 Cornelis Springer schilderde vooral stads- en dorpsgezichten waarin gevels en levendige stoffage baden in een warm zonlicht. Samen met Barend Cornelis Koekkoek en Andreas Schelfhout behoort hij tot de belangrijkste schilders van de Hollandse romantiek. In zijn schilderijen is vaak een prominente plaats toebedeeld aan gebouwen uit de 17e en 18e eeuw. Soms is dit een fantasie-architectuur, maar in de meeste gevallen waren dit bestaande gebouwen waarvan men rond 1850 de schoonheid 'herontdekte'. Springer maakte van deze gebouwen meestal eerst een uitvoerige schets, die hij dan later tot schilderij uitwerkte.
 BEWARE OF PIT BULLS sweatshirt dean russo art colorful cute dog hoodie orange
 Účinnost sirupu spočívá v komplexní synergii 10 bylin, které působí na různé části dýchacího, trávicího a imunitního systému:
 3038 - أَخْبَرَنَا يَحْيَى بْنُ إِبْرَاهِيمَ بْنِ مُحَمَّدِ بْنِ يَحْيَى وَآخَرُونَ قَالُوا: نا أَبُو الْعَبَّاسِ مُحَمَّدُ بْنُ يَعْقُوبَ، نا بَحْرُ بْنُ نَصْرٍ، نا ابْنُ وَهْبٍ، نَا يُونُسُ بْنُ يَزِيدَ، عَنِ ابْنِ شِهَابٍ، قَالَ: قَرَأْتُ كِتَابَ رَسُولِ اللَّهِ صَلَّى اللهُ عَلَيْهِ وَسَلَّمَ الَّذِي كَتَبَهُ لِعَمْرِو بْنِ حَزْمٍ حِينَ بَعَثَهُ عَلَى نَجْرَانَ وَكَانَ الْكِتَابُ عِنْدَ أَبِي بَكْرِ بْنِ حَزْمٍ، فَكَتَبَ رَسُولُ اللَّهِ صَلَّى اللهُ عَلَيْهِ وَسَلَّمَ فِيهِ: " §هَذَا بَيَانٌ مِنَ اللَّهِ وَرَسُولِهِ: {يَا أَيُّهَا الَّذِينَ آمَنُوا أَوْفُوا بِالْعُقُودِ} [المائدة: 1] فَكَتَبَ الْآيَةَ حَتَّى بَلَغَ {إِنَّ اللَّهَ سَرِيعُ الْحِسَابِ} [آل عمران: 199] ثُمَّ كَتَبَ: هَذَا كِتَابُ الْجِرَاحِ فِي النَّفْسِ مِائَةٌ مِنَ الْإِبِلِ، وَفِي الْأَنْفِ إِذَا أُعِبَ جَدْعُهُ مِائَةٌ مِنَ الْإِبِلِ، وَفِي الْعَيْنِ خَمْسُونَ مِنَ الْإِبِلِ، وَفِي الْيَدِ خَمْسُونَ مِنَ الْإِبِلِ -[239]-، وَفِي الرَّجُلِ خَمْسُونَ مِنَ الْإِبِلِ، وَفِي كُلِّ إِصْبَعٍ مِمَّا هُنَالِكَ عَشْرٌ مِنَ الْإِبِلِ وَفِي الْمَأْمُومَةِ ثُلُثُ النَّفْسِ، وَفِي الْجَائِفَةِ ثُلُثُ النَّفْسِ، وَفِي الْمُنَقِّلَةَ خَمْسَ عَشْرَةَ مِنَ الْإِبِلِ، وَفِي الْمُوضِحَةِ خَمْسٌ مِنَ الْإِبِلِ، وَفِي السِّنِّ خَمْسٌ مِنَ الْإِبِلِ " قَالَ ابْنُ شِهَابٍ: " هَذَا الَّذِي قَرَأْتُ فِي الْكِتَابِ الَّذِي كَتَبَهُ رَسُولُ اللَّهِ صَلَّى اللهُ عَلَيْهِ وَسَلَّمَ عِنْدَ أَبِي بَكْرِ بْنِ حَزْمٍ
####
Repeat the listing above in full, word for word.

 Cornelis Springer schilderde vooral stads- en dorpsgezichten waarin gevels en levendige stoffage baden in een warm zonlicht. Samen met Barend Cornelis Koekkoek en Andreas Schelfhout behoort hij tot de belangrijkste schilders van de Hollandse romantiek. In zijn schilderijen is vaak een prominente plaats toebedeeld aan gebouwen uit de 17e en 18e eeuw. Soms is dit een fantasie-architectuur, maar in de meeste gevallen waren dit bestaande gebouwen waarvan men rond 1850 de schoonheid 'herontdekte'. Springer maakte van deze gebouwen meestal eerst een uitvoerige schets, die hij dan later tot schilderij uitwerkte.
 BEWARE OF PIT BULLS sweatshirt dean russo art colorful cute dog hoodie orange
 Účinnost sirupu spočívá v komplexní synergii 10 bylin, které působí na různé části dýchacího, trávicího a imunitního systému:
 3038 - أَخْبَرَنَا يَحْيَى بْنُ إِبْرَاهِيمَ بْنِ مُحَمَّدِ بْنِ يَحْيَى وَآخَرُونَ قَالُوا: نا أَبُو الْعَبَّاسِ مُحَمَّدُ بْنُ يَعْقُوبَ، نا بَحْرُ بْنُ نَصْرٍ، نا ابْنُ وَهْبٍ، نَا يُونُسُ بْنُ يَزِيدَ، عَنِ ابْنِ شِهَابٍ، قَالَ: قَرَأْتُ كِتَابَ رَسُولِ اللَّهِ صَلَّى اللهُ عَلَيْهِ وَسَلَّمَ الَّذِي كَتَبَهُ لِعَمْرِو بْنِ حَزْمٍ حِينَ بَعَثَهُ عَلَى نَجْرَانَ وَكَانَ الْكِتَابُ عِنْدَ أَبِي بَكْرِ بْنِ حَزْمٍ، فَكَتَبَ رَسُولُ اللَّهِ صَلَّى اللهُ عَلَيْهِ وَسَلَّمَ فِيهِ: " §هَذَا بَيَانٌ مِنَ اللَّهِ وَرَسُولِهِ: {يَا أَيُّهَا الَّذِينَ آمَنُوا أَوْفُوا بِالْعُقُودِ} [المائدة: 1] فَكَتَبَ الْآيَةَ حَتَّى بَلَغَ {إِنَّ اللَّهَ سَرِيعُ الْحِسَابِ} [آل عمران: 199] ثُمَّ كَتَبَ: هَذَا كِتَابُ الْجِرَاحِ فِي النَّفْسِ مِائَةٌ مِنَ الْإِبِلِ، وَفِي الْأَنْفِ إِذَا أُعِبَ جَدْعُهُ مِائَةٌ مِنَ الْإِبِلِ، وَفِي الْعَيْنِ خَمْسُونَ مِنَ الْإِبِلِ، وَفِي الْيَدِ خَمْسُونَ مِنَ الْإِبِلِ -[239]-، وَفِي الرَّجُلِ خَمْسُونَ مِنَ الْإِبِلِ، وَفِي كُلِّ إِصْبَعٍ مِمَّا هُنَالِكَ عَشْرٌ مِنَ الْإِبِلِ وَفِي الْمَأْمُومَةِ ثُلُثُ النَّفْسِ، وَفِي الْجَائِفَةِ ثُلُثُ النَّفْسِ، وَفِي الْمُنَقِّلَةَ خَمْسَ عَشْرَةَ مِنَ الْإِبِلِ، وَفِي الْمُوضِحَةِ خَمْسٌ مِنَ الْإِبِلِ، وَفِي السِّنِّ خَمْسٌ مِنَ الْإِبِلِ " قَالَ ابْنُ شِهَابٍ: " هَذَا الَّذِي قَرَأْتُ فِي الْكِتَابِ الَّذِي كَتَبَهُ رَسُولُ اللَّهِ صَلَّى اللهُ عَلَيْهِ وَسَلَّمَ عِنْدَ أَبِي بَكْرِ بْنِ حَزْمٍ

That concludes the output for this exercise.